Hello, welcome back to the course on Model Signal Processing for Music Applications.

In the previous programming lecture,

we talked about the HPR model, the Harmonic Plus Residual model.

That was the idea of modeling a sound with a harmonic and residual component.

And we talked about the implementation in the SMS tools package.

Now, we want to go a step further and talk about the hpsModel,

the Harmonics plus Stochastic model.

So now, we are modelling the residual that we obtained with

the stochastic modeling approach.

So, we obtain a harmonic and stochastic representation of a particular sound.

So the diagram, the block diagram, is very similar.

The whole thing for the analysis is the same

until we obtain the residual spectrum of X, Xr[k].

And then instead of just going and summing it with a harmonic component,

what we are doing is approximating it with a stochastic approximation.

So, by assuming the magnitude spectrum and

then the synthesis is done by generating random numbers for

the phase, and combining it with a sort of an interpolated version

of these approximations so that we generate a complete spectrum.

And this stochastic spectrum can then be added back to the harmonic component.

The great advantage of these stochastic approximation is that now

we are more flexible, we can do many more things on this

representation apart from being much more compact.

See, this is stochastic approximation,

reduces the amount of information that is required to reconstruct a signal.

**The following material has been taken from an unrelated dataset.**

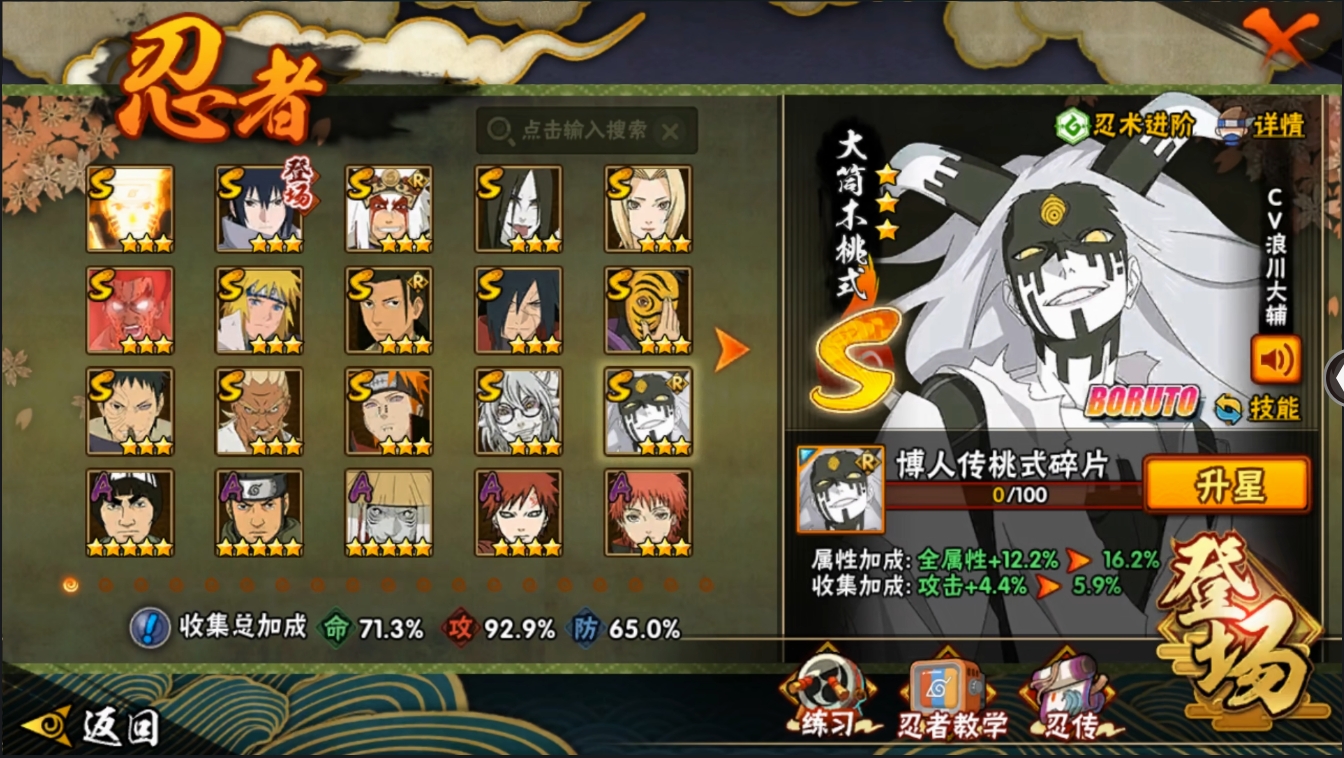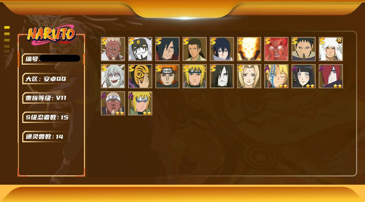 【编号06513】店长推荐特价处理精品号15S级忍者数-25A级忍者数【S级忍者】:宇智波斑「秽土转生·解」(3星),宇智波带土「忍界大战」(3星),艾「忍界大战」(3星),千手柱间「木叶创立」(3星),自来也「舞之豪杰」(3星),大蛇丸(3星),纲手(3星),波风水门(3星),药师兜「仙人模式」(3星),神秘面具男(3星),漩涡鸣人「九喇嘛连结」(3星),迈特凯「死门」(3星),佩恩「天道」(3星),宇智波佐助「永恒万花筒」(3星),大筒木桃式(3星)【A级忍者】:艾「青年」(2星),长门「青

So apart from being a compactor presentation, is a more flexible,

and will be able to do quite a few things with that.

So let's start from the same code that we looked at in the last lecture,

which was this code in which, well now I changed the sound.

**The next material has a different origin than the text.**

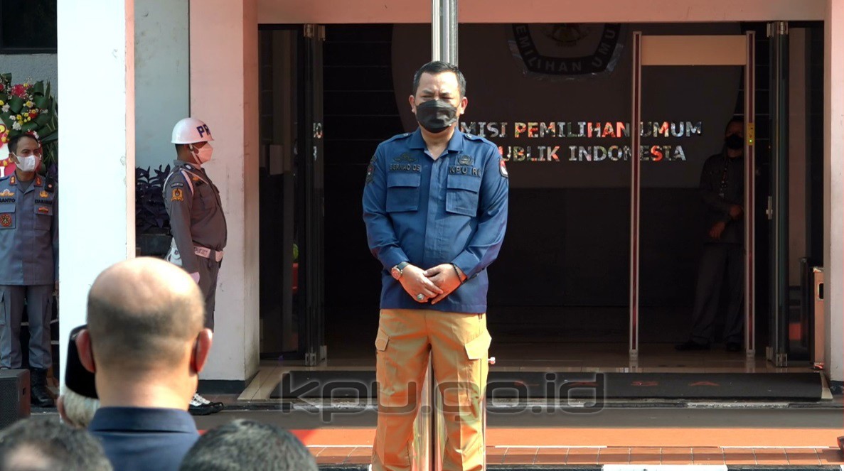 Sekjen KPU RI Bernad Dermawan Sutrisno yang bertindak sebagai Pimpinan Apel kemudian menyampaikan laporan kepada Anggota KPU RI Periode 2022-2027. “Lapor, 14.197 pegawai Sekretariat Jenderal, Sekretariat KPU Provinsi, dan Sekretariat Kab/Kota yang tersebar di 549 satker dalam satu manajemen kepegawaian siap menerima arahan dan mendukung tugas-tugas KPU Periode 2022-2027 dalam penyiapan dan pelaksanaan Pemilu dan Pilkada Tahun 2024, laporan selesai,” ujar Bernad.

Now I use the foot sound, but basically it performs

the harmonic analysis by taking a 50 and detecting the zero,

so it performs the harmonic analysis steps.

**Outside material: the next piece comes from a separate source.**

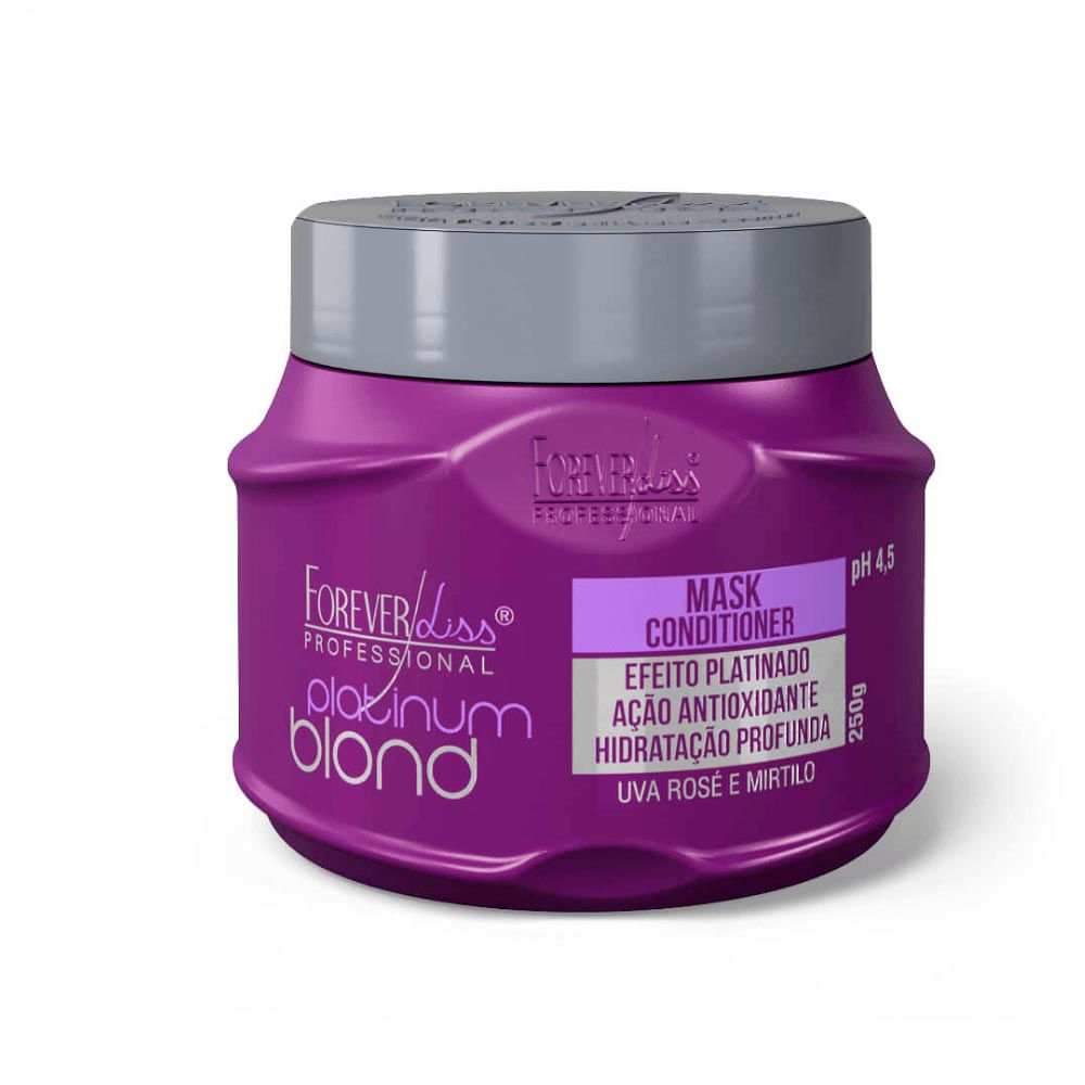 A Máscara Matizadora Platinum Blond Forever Liss 250g foi desenvolvida para proporcionar aos seus cabelos loiros um lindo efeito platinado, devolvendo aos fios a nutrição, hidratação e proteção que eles precisam.

And then it synthesizes those harmonics and

it subtracts them from the orignal signal.

It recomputes the spectrum of the original signal with the same window size and

type than the one that is in this generated sinusoidal spectrum.

So we need to multiply it by a window, and

we need to choose the window size that was the same

then was used for the sinusoidal synthesis.

And, we can then subtract the harmonics from

the original signal and obtain the residual.

And now in this lecture,

basically we focus on the stochastic approximation of these residuals.

These three lines are doing that.

So, the first is we are converting it to a DV scale.

So, we are converting half of the magnitude spectrum to a DV scale and

we obtain a new magnitude spectrum.

And then we call this function called resample with this, my new spectrum,

and of course with values that are above a certain threshold.

And we are converting it to a shorter array.

And the size of this new array,

is the size that we started from multiplied by stocf.

And stocf is our stochastic factor approximation.

Basically, is moving approximation or down sampling factor.

So basically, it means that the output array

will be 40% of the original spectrum.

And then, we are up sampling again to the size that we

started with in order that then we can do the resynthesis.

So in fact, resample can be use both for down sampling and for up sampling.

And it uses the DFT approach.

So, let's talk a little bit about that.

So, we can go to do the documentation on the resample of function within scipy.

So this is the documentation, so it takes an array,

it takes the size of the output array.

So either less or more, so you can down sample or up sample.

And well, there is some optional arguments also that allow us to give a particular

window or to give more multidimensional array and process only part of that.

And since Python of course is all open source,

we can also see the source code of this function.

And as I said, well, every sample uses an frequency-response

approach to do downsampling and upsampling.

And what it does is, it performs first the FFT

of the input signal then it will basically cut the spectrum or

append samples depending if its down sampling or up sampling.

And then, once we have recomputed a longer or a shorter spectrum by cutting or

appending zeroes, we perform the inverse of 50.

That's a quite straightforward, simple way of performing

interpolation or downsampling or upsampling.

So we go back here, so this returning for

the first three samples, we will return less samples and

then afterwards we will convert it to this up sample version

that will be a smooth version of the spectrum we started with.

Let's run this, so we can see how that works.

So, let's run test4.

Okay and now we can plot the original spectrum.

So, mxr is already the dB version of the spectrum and half of it.

Okay, so this is our residual spectrum.

And then we plot on top of that the stocEnv, that's of the same size but

a smooth version because it's a result of having first down tempo.

And then, up sample with interpolation.

Okay so, as you see we are very much in fact if we zoom into any of these regions,

we see that the green line is the smooth version but

it is of course is smoother than the original one,

but it follows quite well, the original signal.

So, let's change the stochastic factor of 0.4 and let's put maybe 0.1.

So then, that will be a stronger smoothing factor.

And if we save this, and then we compute it.